Professional ratings
Review scores
| Source | Rating |
| AllMusic |  |

==Track listing==

| No. | Title | Writer(s) | Producer(s) | Length |
|---|---|---|---|---|
| 1. | "Edward J Bass Test" (Edward J) |  | Kool Kollie | 1:51 |
| 2. | "My Boo" (Ghost Town DJ's) | Rodney Terry; Carlton Mahone; | Kool Kollie | 5:46 |
| 3. | "Thyow" (Zae') | John R. Gilliam; Gregory Allen; | Zae' | 3:02 |
| 4. | "Whatz Up, Whatz Up" (Playa Poncho and L.A. Sno) | Gerald McCrary; Ira Brown; Carlos Young; | DJ Kizzy Rock | 3:47 |
| 5. | "Shakedown" (Trigga Man and Kidd Money) | Kervin Paul; Sean Terrell Chavis; Tony Butler; | Kidd Money | 2:39 |
| 6. | "So So Def Bass Contest" (Raheem the Dream) |  | Playa Poncho; Lil' Jon; | 0:43 |
| 7. | "Koochie Kuterz" (Playa Poncho) | McCrary; Youtha Anthony Fowler; | Playa Poncho; DJ Nabs; | 3:45 |
| 8. | "City Boy Bounce" (The City Boyz) |  | DJ Herb | 1:19 |
| 9. | "Body Hop (Oh My Goodness)" (T'Baby and Big Ace) | Tarecha Strachan; Charles Ellison Jr.; Danny Lee Spohn; Herman Kelly; John Robie; Emilio Innocenti; | Danny D | 2:51 |
| 10. | "Sexiest" (Don Yute) | Jason Andrew Williams; Terry; | Kool Kollie | 3:47 |
| 11. | "Intro" (MC Shy D and DJ Smurf) |  |  | 0:16 |
| 12. | "Mega Mix" (Bass Allstars) |  |  | 4:59 |
| 13. | "Let It Burn" (Playa Poncho) | McCrary; Mahone; Jonathan Smith; Paul Lewis; Keith Sweat; Teddy Riley; | Carl Mo; The Dynamik Duo; | 5:18 |
| 14. | "Edward J Bass Test Outro" (Edward J) |  | R.O.B.; Emperor Searcy; | 2:17 |
| Total length: |  |  |  | 42:27 |

==Personnel==

- Edward J. Landrum – vocals (tracks: 1, 14)
- Virgo Williams – vocals (track 2)
- John R. "Zae'" Gilliam – vocals & producer (track 3)
- Gerald "Playa Poncho" McCrary – vocals (tracks: 4, 7, 13), producer (tracks: 6, 7)
- Ira "L.A. Sno" Brown – vocals (track 4)
- Kervin "Trigga Man" Paul – vocals (track 5)
- Sean "Kidd Money" Chavis – vocals & producer (track 5)
- Micaiah "Raheem the Dream" Raheem – vocals (track 6)
- The City Boyz – vocals (track 8)
- Tarecha "T'Baby" Strachan – vocals (track 9)
- Charles "Big Ace" Ellison Jr. – vocals (track 9)
- Jason Andrew "Don Yute" Williams – vocals (track 10)
- Michael "Mr.
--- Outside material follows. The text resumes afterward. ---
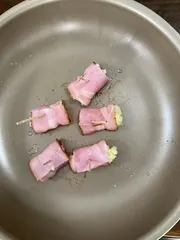 上手くいきませんでしたが ベーコンがあったのでポテトサラダを巻いて焼いて見ました。上手くできなかったですが色々と試して見るのは面白いです。

Collipark" Crooms – voice (track 11)
- Peter "MC Shy D" Jones – voice (track 11)
- Rodney "Kool Kollie" Terry – producer (tracks: 1, 2, 10), mixing (tracks: 1, 2, 10)
- Carlos "DJ Kizzy Rock" Young – producer (track 4)
- Jonathan "Lil Jon" Smith – producer (tracks: 6, 13), arranger (tracks: 1, 14), mixing (tracks: 1–4, 9, 10, 13), sequencing
- Youtha Anthony "DJ Nabs" Fowler – producer (track 7)
- Herbert "DJ Herb" Hawkins – producer (track 8)
- Danny "D" Lee Spohn – producer (track 9), mixing (tracks: 9, 12), re-mixing (track 12)
- Carlton "Carl Mo" Mahone – producer & mixing (track 13)
- Paul Lewis – producer & mixing (track 13)
- Dwayne "Emperor" Searcy – producer (track 14)
- Robert "R.O.B." McDowell – producer (track 14)
- King James – mixing (track 1)
- Zach Solem – mixing (track 3)
- Richard Wells – mixing (track 5), recording (track 8)
- Oscar Jimenez – mixing (tracks: 7, 10)
- Carlos Santos – mixing (tracks: 9, 12)
- Taj Mahal – mixing (track 13)
- Rodney Fuller – mastering
- Hans Gutknecht – sequencing
- Jermaine Dupri – executive producer

==Charts==

===Weekly charts===

| Chart (1996) | Peak position |
|---|---|
| US Billboard 200 | 32 |
| US Top R&B Albums (Billboard) | 9 |

===Year-end charts===

| Chart (1996) | Position |
|---|---|
| US Billboard 200 | 141 |
| US Top R&B Albums (Billboard) | 37 |

==Certifications==

| Region | Certification | Certified units/sales |
| United States (RIAA) | Gold | 500,000^{^} |
^{^} Shipments figures based on certification alone.